-- Exercise instructions --
Copy only the lines from the one containing "Træd direkte ind" through the final line of the records below, exactly as written, with no pictures.

━━ Provided records ━━

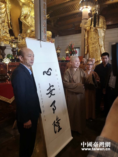高雄市长韩国瑜27日一早赴厦门南普陀寺参拜,大陆佛教协会副会长则悟法师特赠一幅“心安事隆”墨宝。(中国台湾网版权图片)
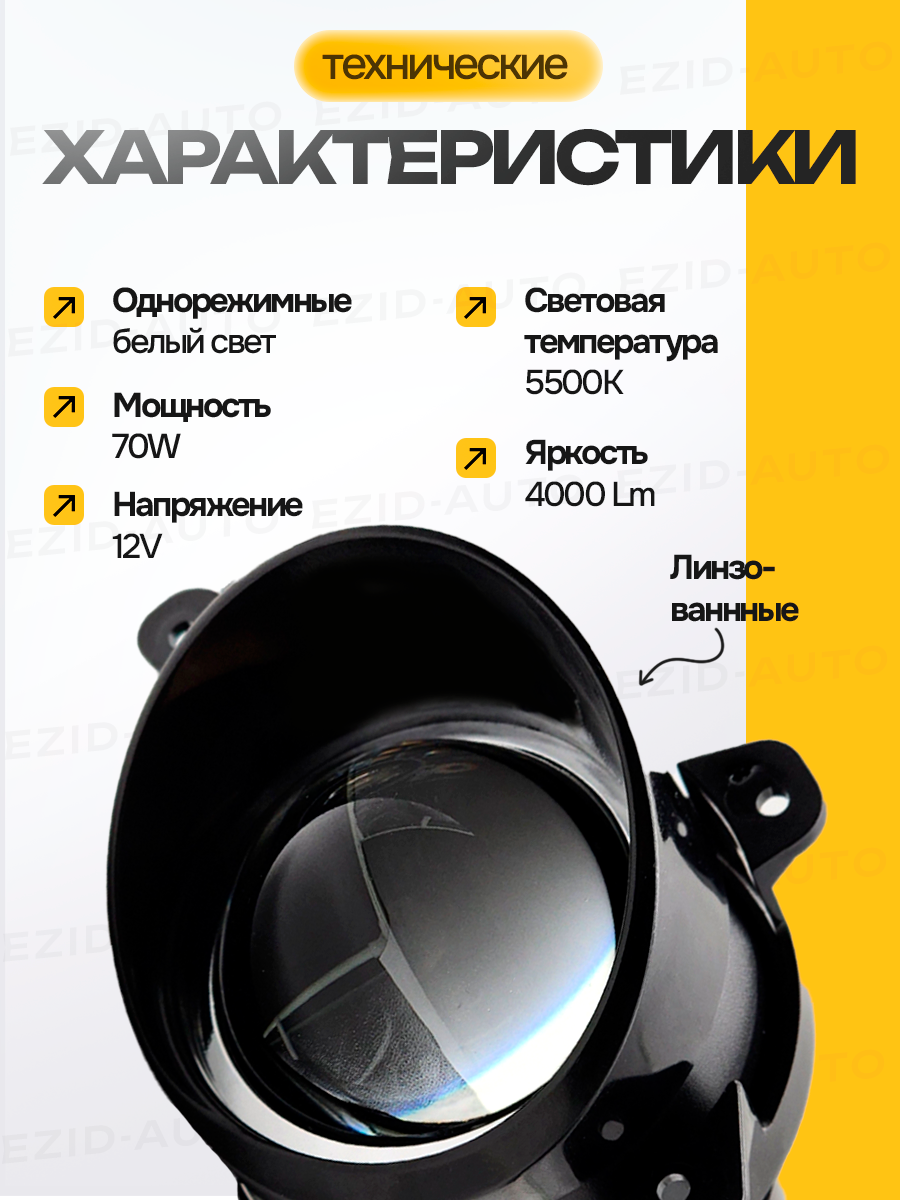 Купить Противотуманные фары линзованные Лада Калина Гранта Ларгу, 70 Ватт ближний свет с доставкой по всей России.
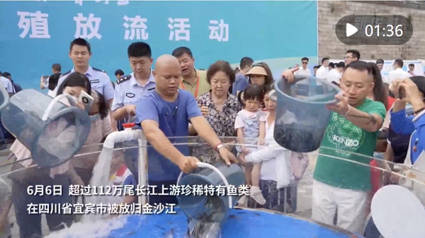 6月6日,超過112萬尾長江上遊珍稀特有魚類在四川省宜賓市被放歸金沙江。此次放流活動共放流長江鱘、胭脂魚、岩原鯉、長薄鰍、長吻鮠、厚頜魴、白甲魚和中華倒刺?等8種魚類。
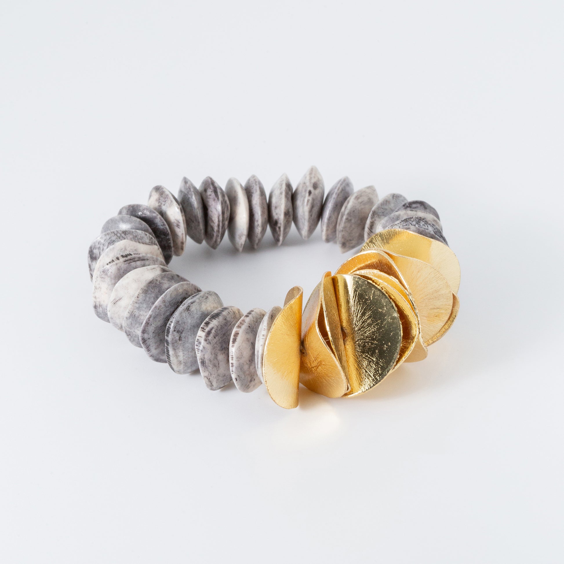 Our Cote d'Ivorie Collection is enviably chic, and impeccably luxurious. These beautifully hand-painted beads and bold, gold discs create a statement piece with endless possibilities.
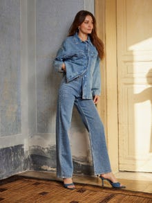 Træd direkte ind i sæsonens største trend i vores chikke blå denim-sæt. Sættet består af en skjorte med trykknapper og lange ærmer samt højtaljede brede jeans. Med dette outfit udviser du den essentielle modebevidste elegance.
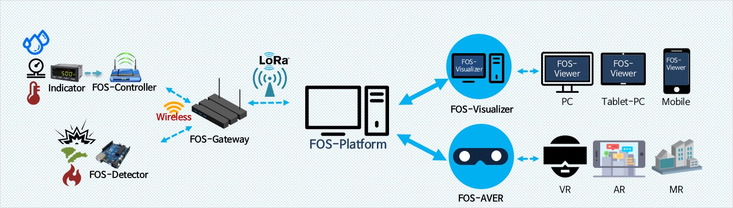FOS (Factory On-Smart) solution provides optimal process conditions by collecting and analyzing big data in the devices industry field and realizes smart factories by detecting and warning against industrial disasters including fire and gas leakages, providing 3D monitoring services through 3D virtual modeling, and controlling industrial safety and integrated process.

━━━

-- Output below --
 Træd direkte ind i sæsonens største trend i vores chikke blå denim-sæt. Sættet består af en skjorte med trykknapper og lange ærmer samt højtaljede brede jeans. Med dette outfit udviser du den essentielle modebevidste elegance.
FOS (Factory On-Smart) solution provides optimal process conditions by collecting and analyzing big data in the devices industry field and realizes smart factories by detecting and warning against industrial disasters including fire and gas leakages, providing 3D monitoring services through 3D virtual modeling, and controlling industrial safety and integrated process.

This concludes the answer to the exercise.